Material shown:
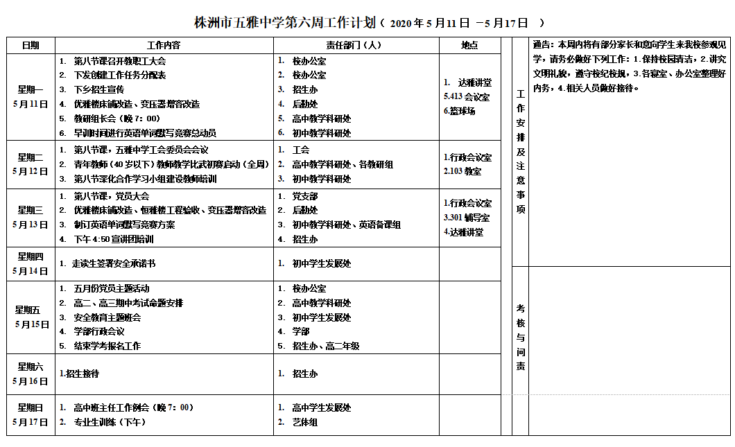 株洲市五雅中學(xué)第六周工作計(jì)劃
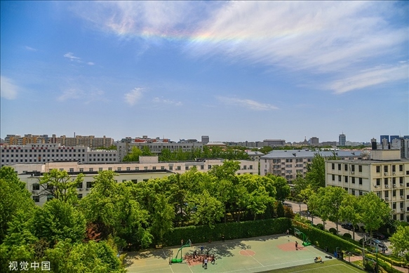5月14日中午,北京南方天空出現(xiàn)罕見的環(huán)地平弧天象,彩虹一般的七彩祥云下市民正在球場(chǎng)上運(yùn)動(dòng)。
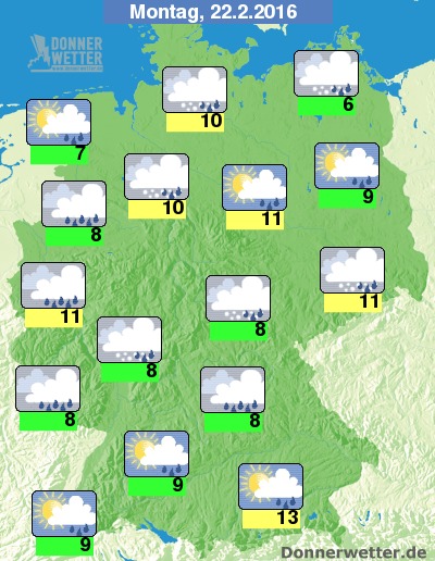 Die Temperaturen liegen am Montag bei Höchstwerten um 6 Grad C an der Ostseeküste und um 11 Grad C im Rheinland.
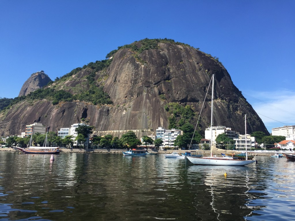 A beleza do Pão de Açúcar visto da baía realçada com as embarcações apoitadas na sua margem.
--
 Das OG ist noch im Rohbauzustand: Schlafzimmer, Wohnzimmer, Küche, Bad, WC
* * *
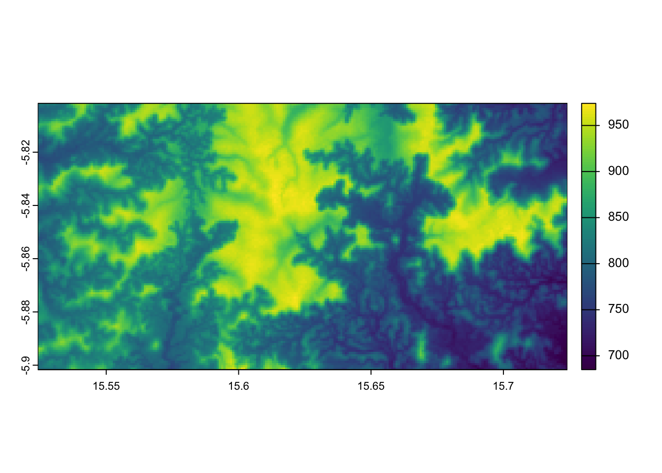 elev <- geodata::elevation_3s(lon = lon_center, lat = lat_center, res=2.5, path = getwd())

About this exercise:
The reply should hold the entries above from the line with "株洲市五雅中學(xué)第六周工作計(jì)劃" to the line with "A beleza do", duplicated exactly, pictures excluded.

Expected output:
 株洲市五雅中學(xué)第六周工作計(jì)劃
5月14日中午,北京南方天空出現(xiàn)罕見的環(huán)地平弧天象,彩虹一般的七彩祥云下市民正在球場(chǎng)上運(yùn)動(dòng)。
 Die Temperaturen liegen am Montag bei Höchstwerten um 6 Grad C an der Ostseeküste und um 11 Grad C im Rheinland.
 A beleza do Pão de Açúcar visto da baía realçada com as embarcações apoitadas na sua margem.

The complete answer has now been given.